Aerith has been losing her coat the last two months. The top photo was taken in late Feb. In March she got treated for heart worms. At this time she was being crated indoors. I noticed her belly looked red and the hair was really thin in her "armpit" areas. Also, the skin in this area was really dark, smelled a bit yeasty, and slightly itchy. I attributed it to long term friction due to being over weight. Until recently (changed her diet to raw and she started losing weight) she was 40 lbs overweight. She hit her target weight loss in Feb and so I increased her ration from 9 oz 2x per day to 12 oz 2x per day. She started losing her hair then, but it was slowly and at the time appeared to be normal shedding patterns and timing. In April I took her for a second heart worm treatment. She had gained 2 lbs in 1 month which I attributed to little activity and the increase food amount. After this treatment her hair loss picked up pace. She looked patchy and it progressed to bald looking spots on her flanks. Now, at the beginning of May she pretty much doesn't have any undercoat left on her flanks or back. Her skin looks reddish pink, but it doesn't appear to be itchy. It could be a slight sun burn but I don't think so because it's not painful. She's not chewing on herself or scratching sores like she has done this time of year in previous years. The hair loss seems to be primarily her undercoat and there are no sores, crusty areas or outright bare skin.
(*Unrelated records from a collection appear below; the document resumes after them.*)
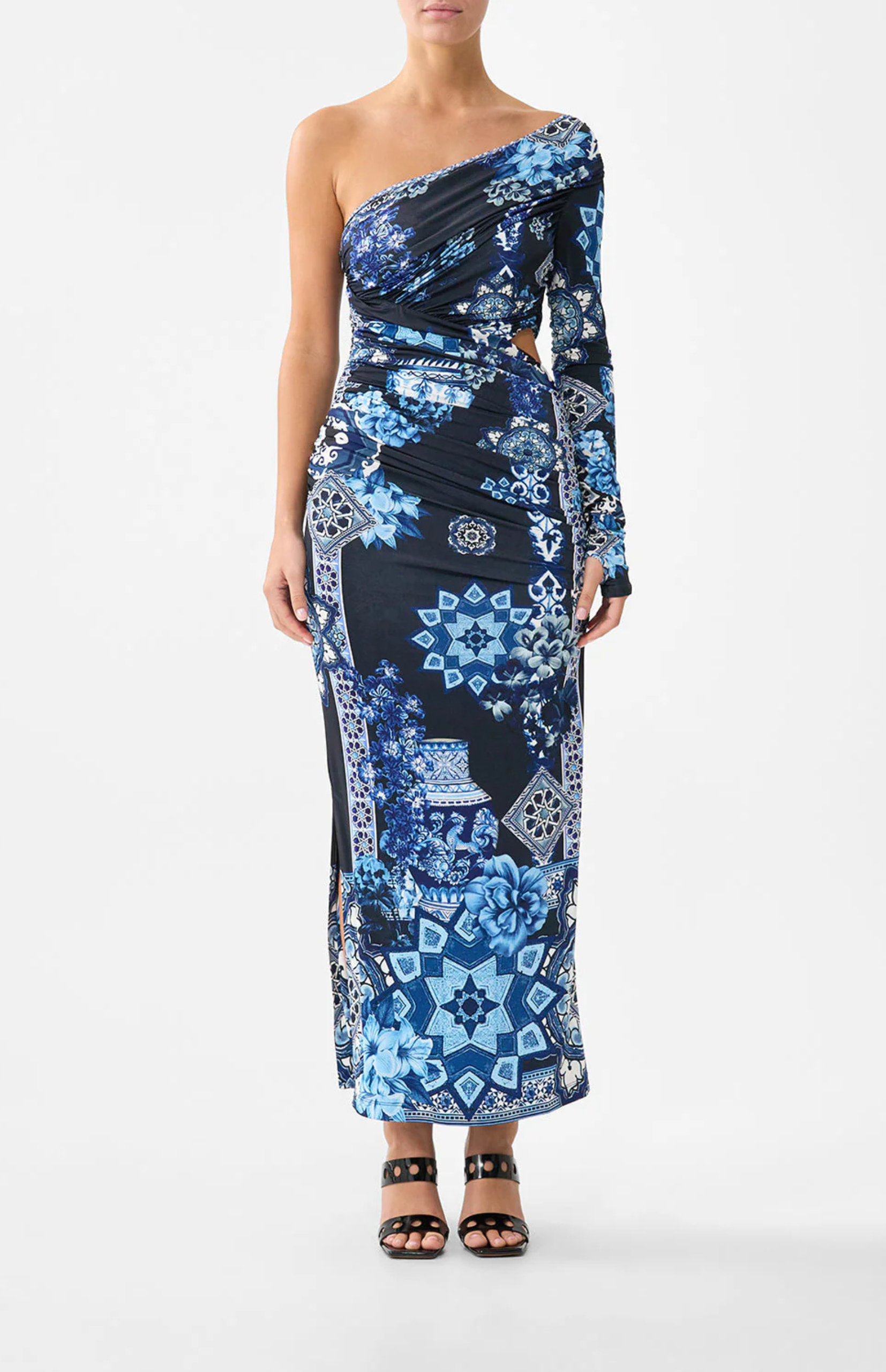 The Meli One Shoulder Jersey Cut Out Dress is a handcrafted silhouette designed by our in-house artisans. Created in an exclusive limited edition print, our knitted jersey dress features a cut out at one shoulder that extends to an asymmetrical long sleeve. Ruching flatters the form. Finished with an elongated, full length hemline.
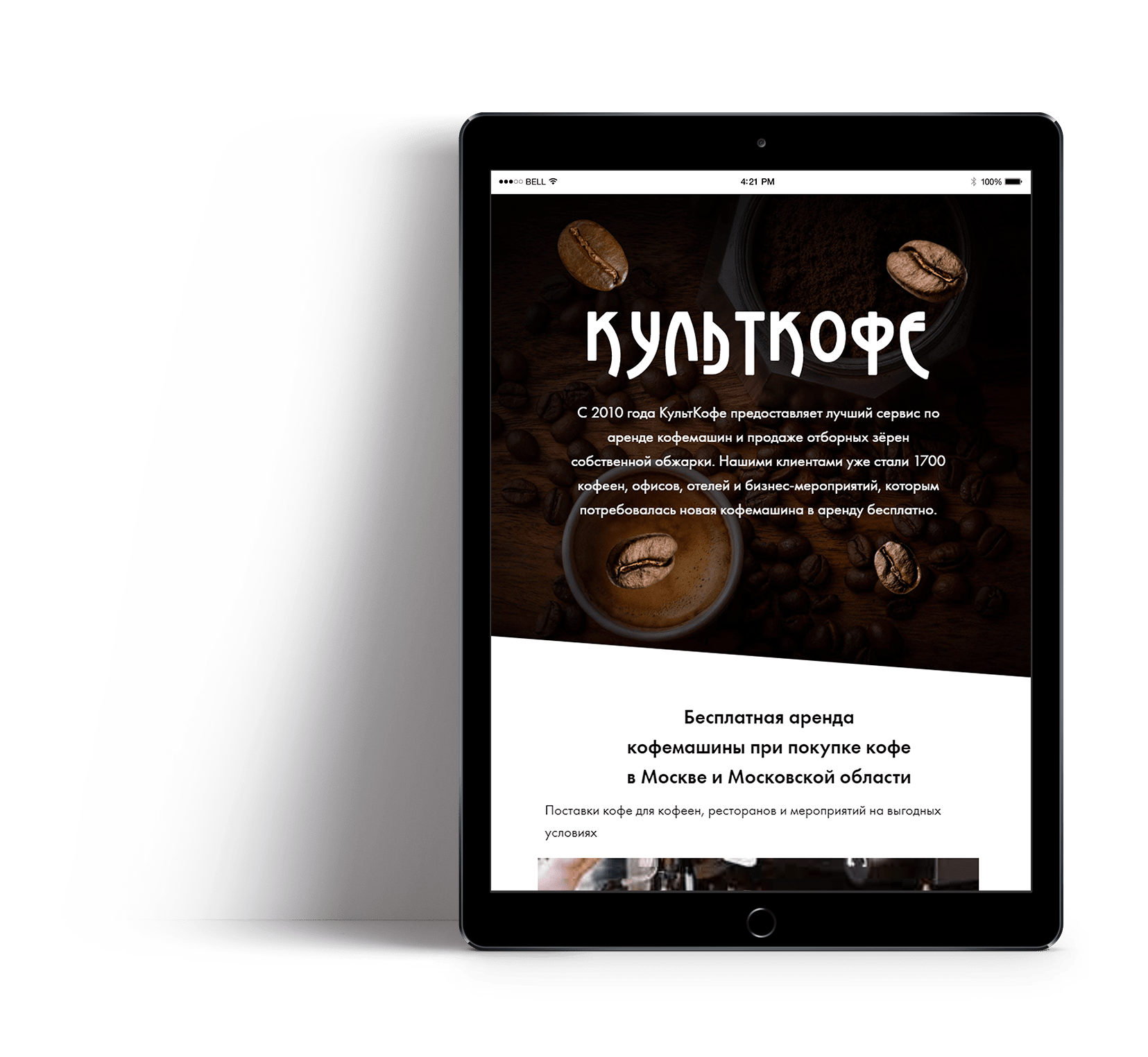 Поисковое продвижение Kultkofe.ru – уникальный проект, который позволил нам развенчать сразу несколько мифов о сложности продвижения одностраничных сайтов, сделанных к тому же на Tilda.
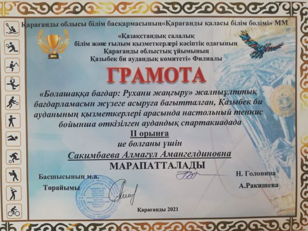 Біздің гимназияның педагогтары шахмат бойынша 1 орын, үстел теннисінен 2 орын, баскетболдан 1 орын алды
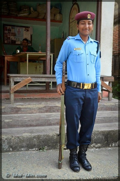 Juste après le premier portique, j’arrive sur un « check point » de l’armée Népalaise.
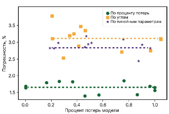 Для сравнения потерь, предсказанных методами РНС и CatBoost, и потерь, полученных в результате CFD-расчёта, определена относительная погрешность
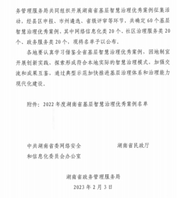 2022年度湖南省基层智慧治理优秀案例通知截图
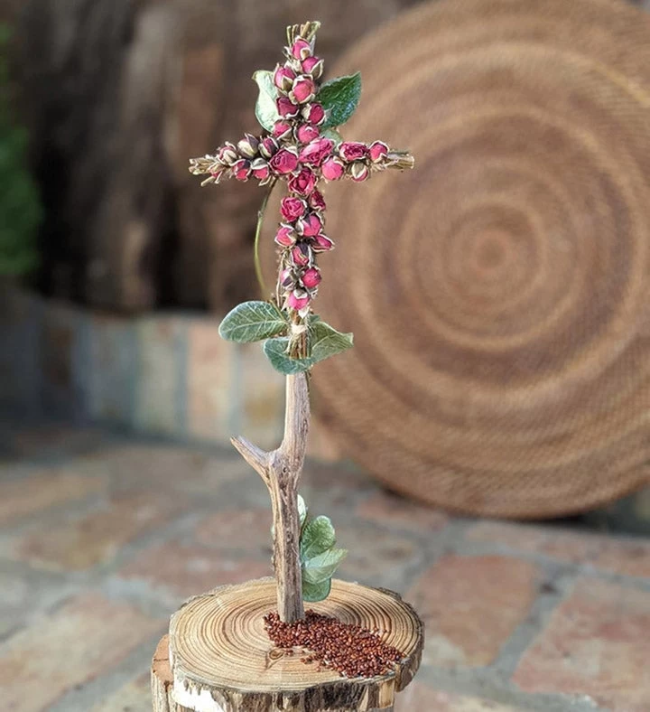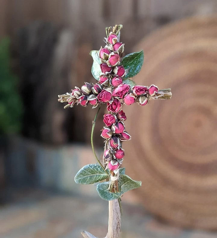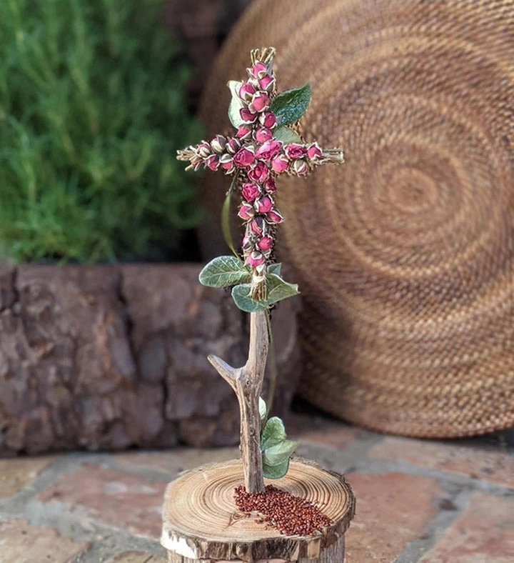 This most unique Christian Centerpiece is handcrafted with only natural materials including driftwood, rose buds, leaves and seed pods. Christmas Gift
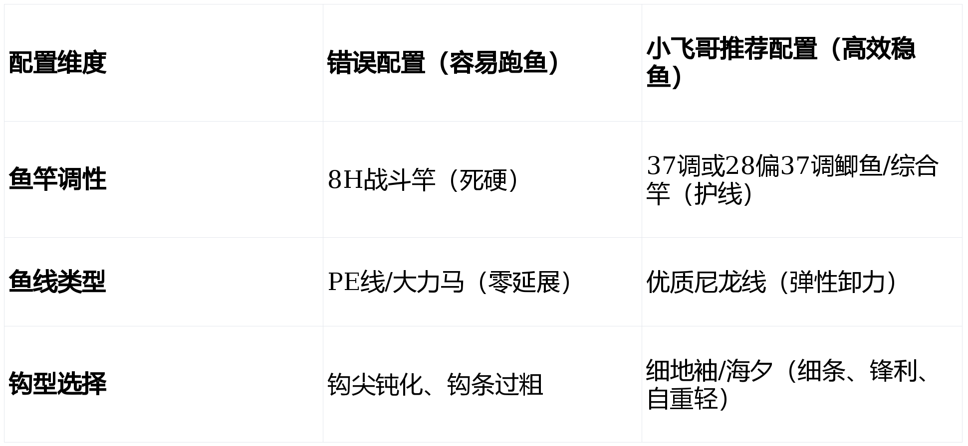 那么,要想无刺钩不跑鱼,我们应该怎么配置?记住小飞哥的“黄金三角”原则:竿软、线韧、钩锋利
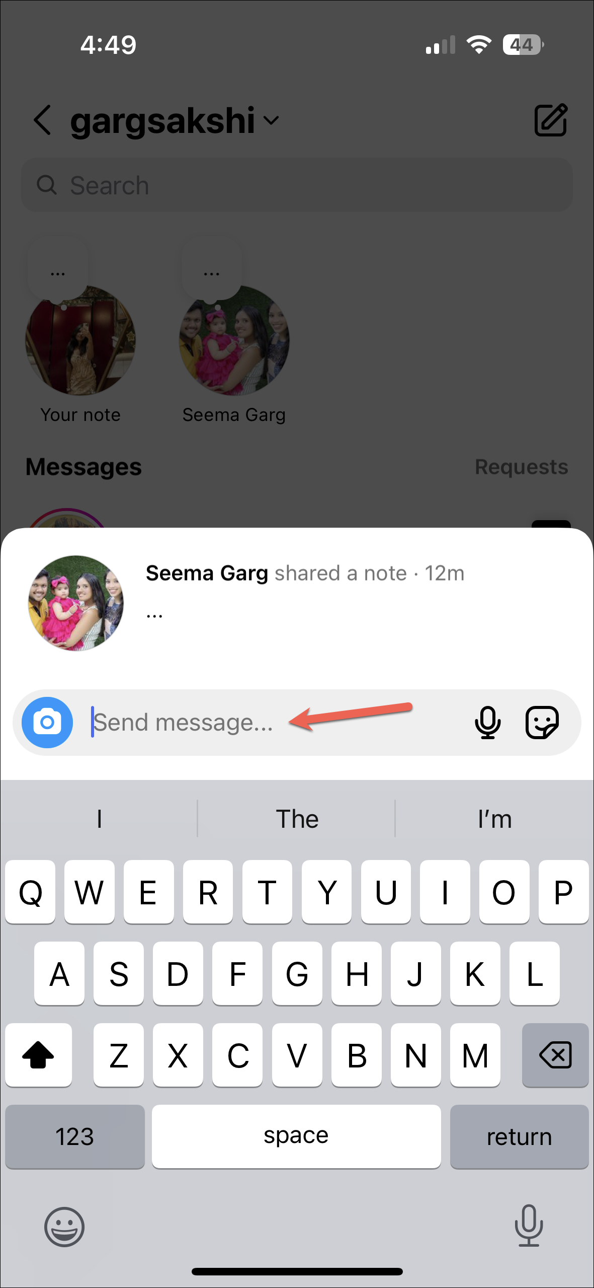 - Tap on a note to send a reply. The interface for sending the reply will appear; type it and send it. The reply will be shared as a DM to the poster. People cannot see that you've viewed their note on Instagram unless you send a reply to it.
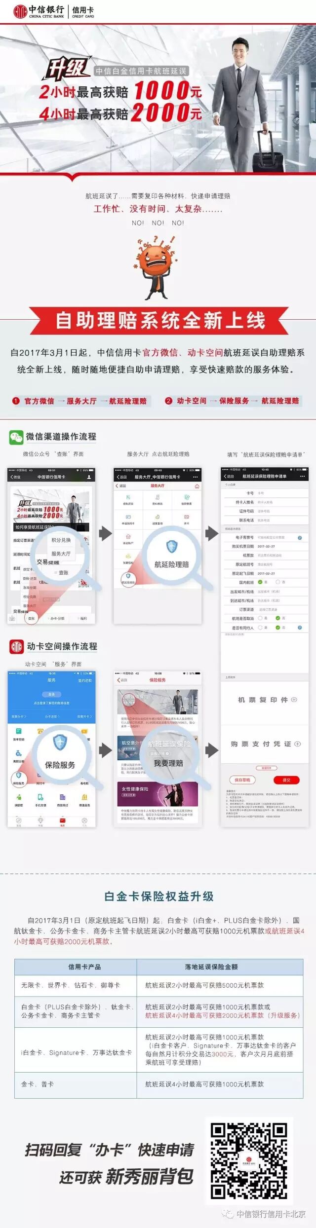 中信白金延误2小时陪1000元可自助赔付了
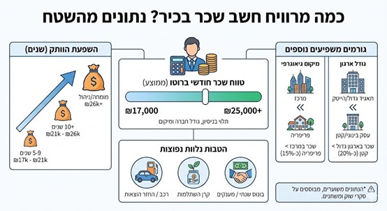 - חשב שכר בכיר / מנהל מחלקת שכר: 16,000 ש"ח עד 25,000 ש"ח ומעלה.
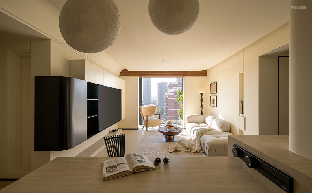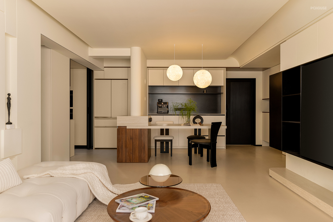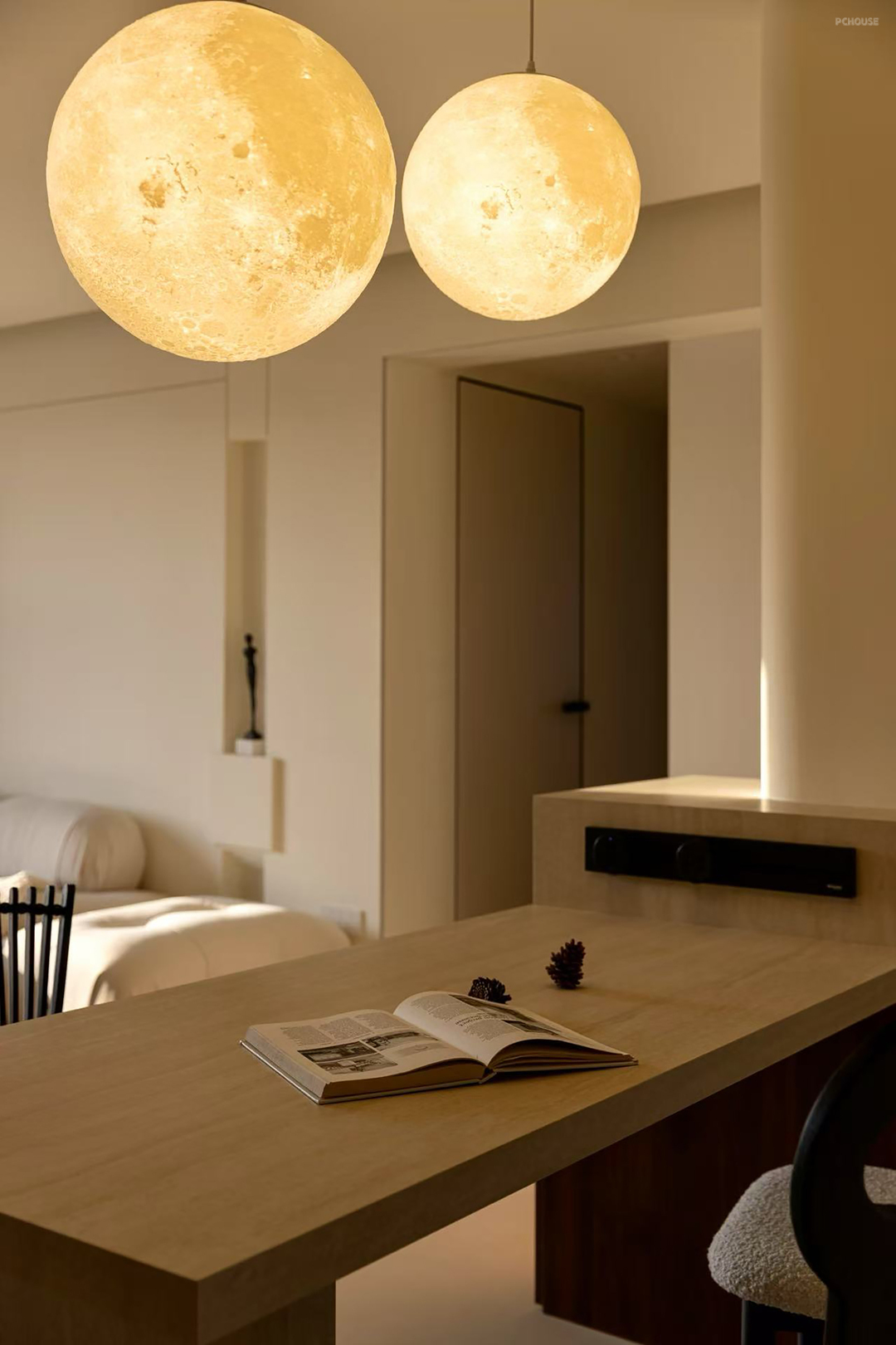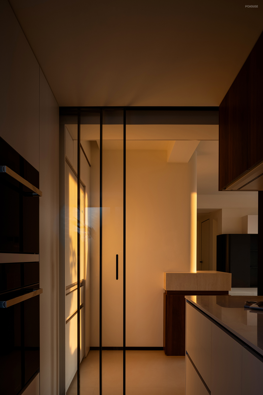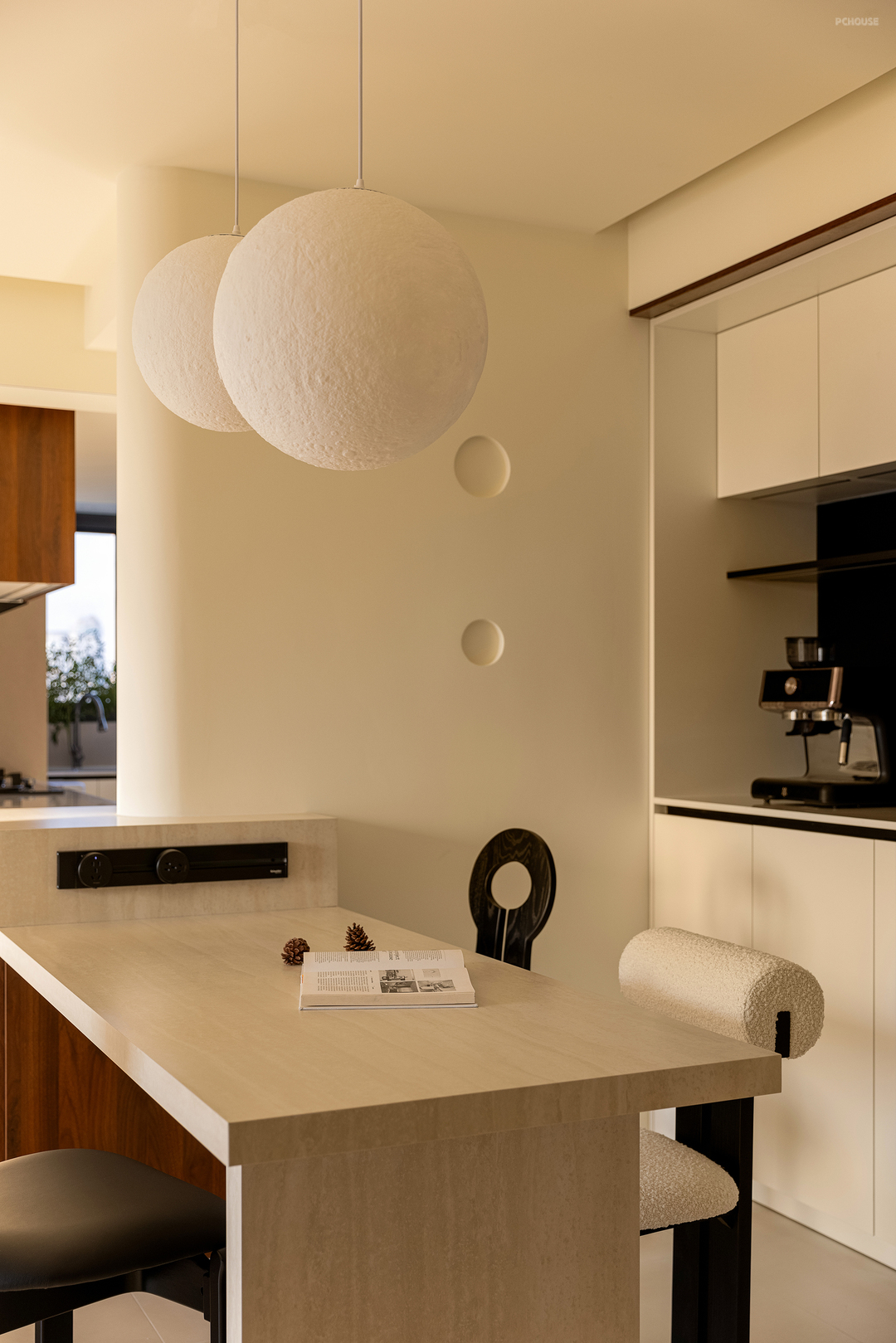 原厨房打开之后,依托承重墙体两侧布置餐岛一体与西厨,开放式布局动线、采光流畅一体。灯光是氛围的灵魂,无主灯低调,但角落里的落地灯、餐桌上的吊灯、墙上的壁灯像是悄悄打下的高光,暖光一洒,家的温度瞬间拉满。悬浮吊顶采用四边弧角工艺,以建筑级施工标准完成极简美学的完美诠释。

She's not lethargic or depressed in any way. I even think she might have gained some more weight in the last month. The bottom photos are from today. You can see how much thinner the coat is. The one on the left shows the healthy coat she still has (that is rapidly shedding out undercoat) and the stark line where it transitions to essentially just her overcoat, and below that you can see the area that was shaved in March for her heart worm treatment and how little it has grown back.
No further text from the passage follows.